Дозор нам достался нелегкий, и мы отсутствовали несколько дней. Стояла палящая жара, холмы выгорели досуха, мухи и оводы окружали лагерь и терзали лошадей. Мы спасли долину с двумя-тремя усадьбами, но в погоне был убит юный Горгион. Тяжко было видеть его, всегдашнего шутника, умирающим в муках; его как будто ошеломило, что с ним случилось такое, от чего нельзя отшутиться. Лисий, долей которого было приносить скорбные вести отцам убитых сыновей, казался угнетенным этой обязанностью еще больше, чем всегда. Из-за зноя мы не могли привезти домой тело, пришлось предать его огню на склоне холма. Было так жарко, что языки пламени стали невидимы только рябил воздух и тело дымилось и трещало. Когда оно догорело, Лисий спросил:
– Был у него любовник?
Я ответил, что нет, только подружка, маленькая флейтистка.
– Я ей отвезу какую-нибудь его вещь на память, – добавил я. – Думаю, ей захочется сохранить что-то.
– Зачем? – возразил Лисий. – Что у них было – то было.
Когда мы вернулись, он зашел выразить почтение моему отцу, и они немного поговорили о войне. Наконец отец спросил:
– Алкивиад, я полагаю, все еще среди спартанцев? Трудная жизнь теперь должна ему казаться легкой.
– Уже нет, – отвечал Лисий. – Он теперь от нее отдыхает – он сейчас в Персии.
Мы получили это известие уже несколько месяцев тому назад, но я не упоминал о нем – не пришлось к слову. Отец спросил, уставясь на Лисия:
– В Персии? Как его захватили? Чем он занимался, что попал в руки к варварам?
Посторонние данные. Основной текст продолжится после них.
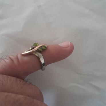 Digər qaşYaşıl daşlarla bəzədilmiş, iki tonlu metaldan hazırlanmış zərif üzük. Üzüyün dizaynı dalğalı formaya malikdir və üç ədəd yaşıl rəngli daşla tamamlanmışdır. Bu üzük, gündəlik istifadə üçün və ya xüsusi tədbirlər üçün uyğun bir aksesuar ola bilər. Məhsulun çəkisi 4.91 qramdır.
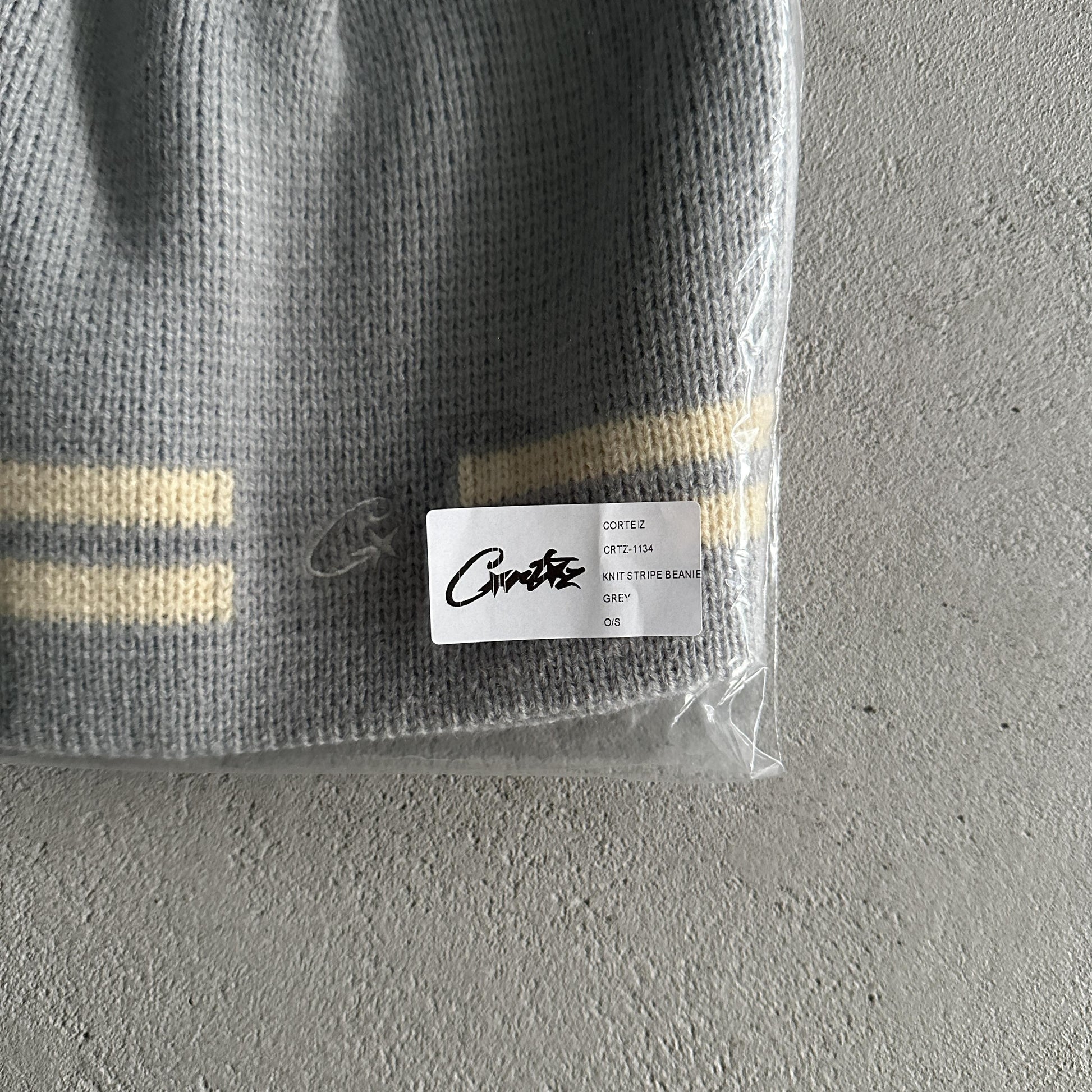 Corteiz Strickmütze mit Streifen – Grau

– Ну-у, – протянул Лисий с улыбкой, – попал он, как кот в чашу со сливками. В Спарте для него сделалось слишком жарко: царь Агис издал указ о его казни. Но, говорят, сатрап Тиссаферн о нем чрезвычайно высокого мнения, а персидские князья рядом с ним выглядят тускло, как петухи рядом с фазаном.
– Вот как?.. – пробормотал отец и перевел разговор на другую тему.
В тот вечер, проходя через двор, я заметил его там – он бросал какие-то битые черепки в колодец. Назавтра я обнаружил у ограждения колодца маленький осколок. Рисунок на нем выглядел так изящно, что я не поленился нагнуться; там был нарисован бегущий заяц и протянутая рука. Это был обломок чаши для вина работы Вакхия.
Если я и догадывался, что обстановка в доме станет теперь нелегкой, то старался отгонять такие мысли, ибо считал постыдным делом дуться на человека, который столько выстрадал. Но надолго выдержки моей не хватило. Первой причиной неприятностей оказалась маленькая Харита. Будь она на год-другой старше, ей удалось бы что-то объяснить. Но девочку воспитали на историях о красоте ее отца и его доблестных деяниях; я часто видел, как она показывает пальчиком на какого-нибудь героя на вазе или на стене, а то даже на бога, и лепечет: "Дада". А теперь вместо красавца и героя ей показывают уродливого и сурового старика; думаю, никогда потом у нее не восстановилось прежнее доверие к людям. Через добрых четырнадцать лет после этих событий, когда я устроил ей обручение с прекрасным человеком, она невозмутимо слушала все мои рассказы о нем, пока не увидела его своими глазами; я даже изрядно злился на нее – пока не припомнил это время. Отец как будто не сомневался, что его письмо пропало, и наверное отнесся бы к ней снисходительно, если бы она день ото дня не обижала его своим отвращением. Это было плохо само по себе, но дело еще усугубляла радость, с какой она кидалась ко мне. Ее невозможно было заставить сказать ему "Дада", и это тем сильнее бросалось в глаза, что меня она звала "Лала", едва научившись лепетать. Я сразу начал отучать ее – и слышал, как мать делает то же самое.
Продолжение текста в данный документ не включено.